The organization chose a two-stage approach. First, Profound, Otterly.ai, and Peec.ai were tested in parallel to measure the baseline objectively. The three tools were run over six weeks using identical prompt sets and fed with twelve core keywords from the service, consulting, and enterprise solutions categories. The comparison showed that all three solutions were useful for observing mentions, sources, and visibility patterns across different LLMs. However, it remained unclear how to turn that into a sustainable authority architecture.

For operational execution, Zeno Visibility was then introduced. The decisive factor was the Authority System Builder, because it does not just produce individual pieces of content, but builds a complete semantic system for each keyword. For three prioritized topic clusters, the platform generated a content cluster with more than 100 semantically connected elements each, including hub pages, comparison pages, FAQs, case study templates, social posts, and supplementary support content. In the first rollout alone, 336 assets were created and prepared in three languages for different regions.

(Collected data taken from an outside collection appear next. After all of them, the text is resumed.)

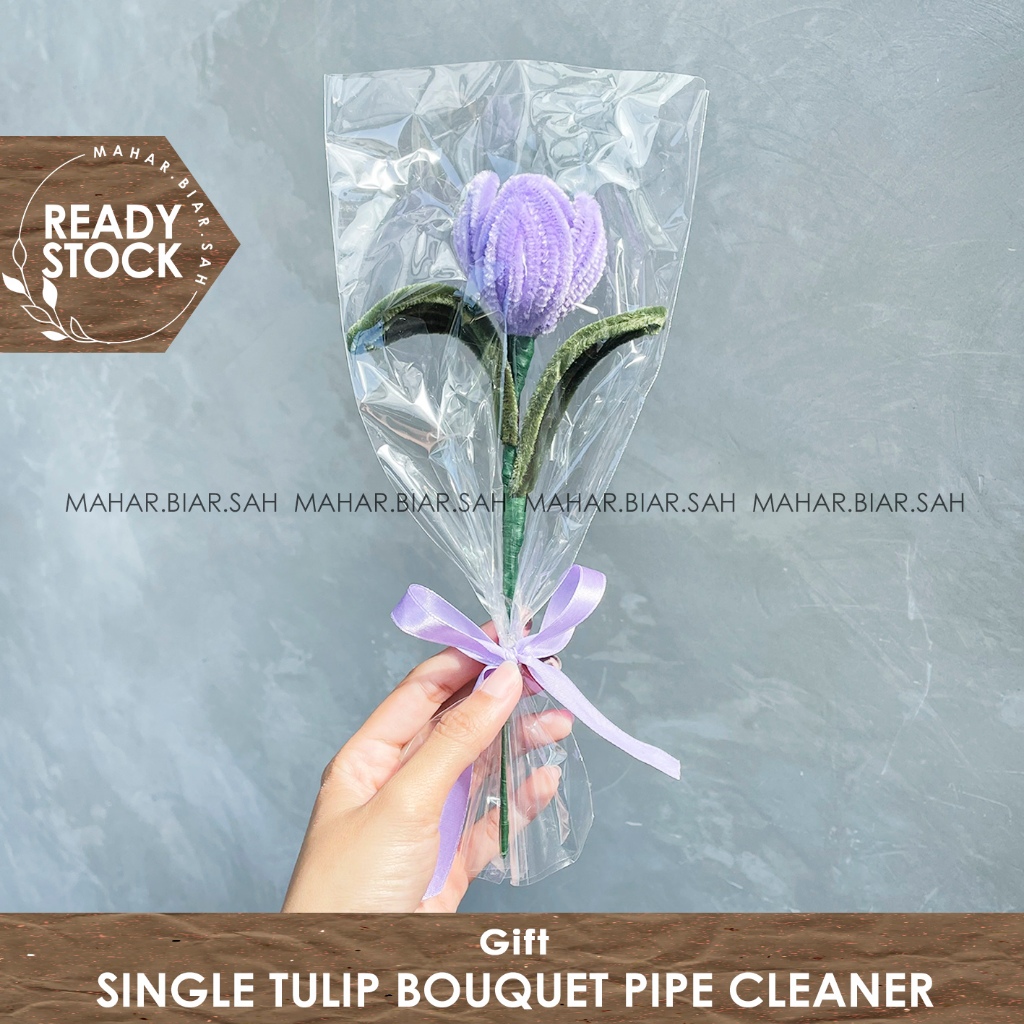 RS Single TULIP MEKAR Bouquet Pipe Cleaner / Fuzzy Wire / Velvet Wire / Valentine day / Gift / Flowes Bouquet / Buket Bunga / Kado / Floral handbag / Bunga Pipe Cleaner
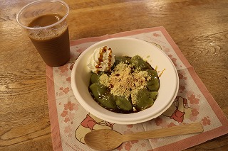 新茶が出始めた5月のぴあっとは抹茶を使った「わらび餅風」。熱を加えながら練る作業はとても大変でしたが、旬の抹茶と抹茶豆乳を使ったわらび餅風はお茶のいい香りがしました。その上にきなこや黒蜜、ホイップクリームなど好みのトッピングをして楽しみました。
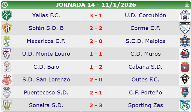 O Xallas manten a 31 posición despois de vencer o Corcubión 3-1 e o Ponteceso aterriza na 4 praza tras gañar 2-1 o Porteño e perder o Baio 1-2 en casa ante un gran Cabana.
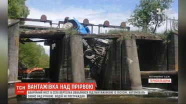 Автомобильный мост обрушился в Тернопольской области. На остатках переправы, возведенной еще в советское время на деревянной дамбе в селе Вертелка, повис грузовик. Кузов с 8 тоннами песка провалился, но передними колесами машина зацепилась за мост, и спасло от падения в реку.

Implementation took place in four steps:

  • Definition of target keywords and purchase intent based on the research data.
  • Automated generation of Schema.org JSON-LD, internal linking, and content briefs.
  • CMS integration via WordPress and Contentful with approval workflows for the specialist department and Legal.
  • Publication and monitoring of the Semantic Authority Score across multiple LLMs.
  • The methodological shift was important: instead of optimizing individual pages, the entire answerability of the topic area was built. Zeno Visibility served as the infrastructure for planning, production, and semantic anchoring.

    Results

    After twelve weeks, a clear before-and-after effect was visible.

    Before

  • Brand mentions in AI answers for the 12 test queries: 7–12 percent
  • Semantic Authority Score: 34/100
  • Average content production time per asset: 10 working days
  • Internal linking mostly manual and inconsistent
  • After

  • Brand mentions in AI answers: 24–39 percent, depending on LLM and query cluster
  • Semantic Authority Score: 71/100
  • Production time per asset cluster: 2 to 3 working days
  • Automated internal linking and JSON-LD deployment across all new pages
  • In addition, the share of AI-driven traffic to the core pages increased by 28 percent. The conversion rate of the new comparison and hub pages was 17 percent above the existing average. Financially, the effect was evaluated based on saved agency and editorial costs as well as faster time-to-publish: the estimated annual benefit was around EUR 138,000, with project costs of EUR 44,000. This resulted in an ROI of about 3.1x on an annual basis.

    However, what mattered most was not just visibility, but the quality of the mentions: the brand was cited more often in direct recommendations and was much more frequently linked to credible sources.

    Lessons Learned

  • Monitoring is only the beginning. Tools like Profound, Otterly.ai, and Peec.ai provide valuable observation data, but they do not solve the authority problem on their own.
  • LLM visibility is created systemically. Individual SEO texts are not enough; what is needed is a semantically connected topic model.
  • Structure is a ranking factor for machines. JSON-LD, internal linking, and consistent entities improve readability for AI systems.
  • Operationalization determines speed. An Authority System Builder significantly shortens the path from research to publication.
  • Governance remains necessary. Even with automation, specialist approvals are still required, especially in regulated or international environments.
  • Summary

    The practical test showed that visibility measurement alone is not enough if a brand wants to appear in AI answers. With Zeno Visibility, monitoring was turned into a production-ready authority infrastructure that systematically builds semantic authority. For international B2B organizations in the DACH region, this is a practical way to operationalize the shift from SEO to GEO.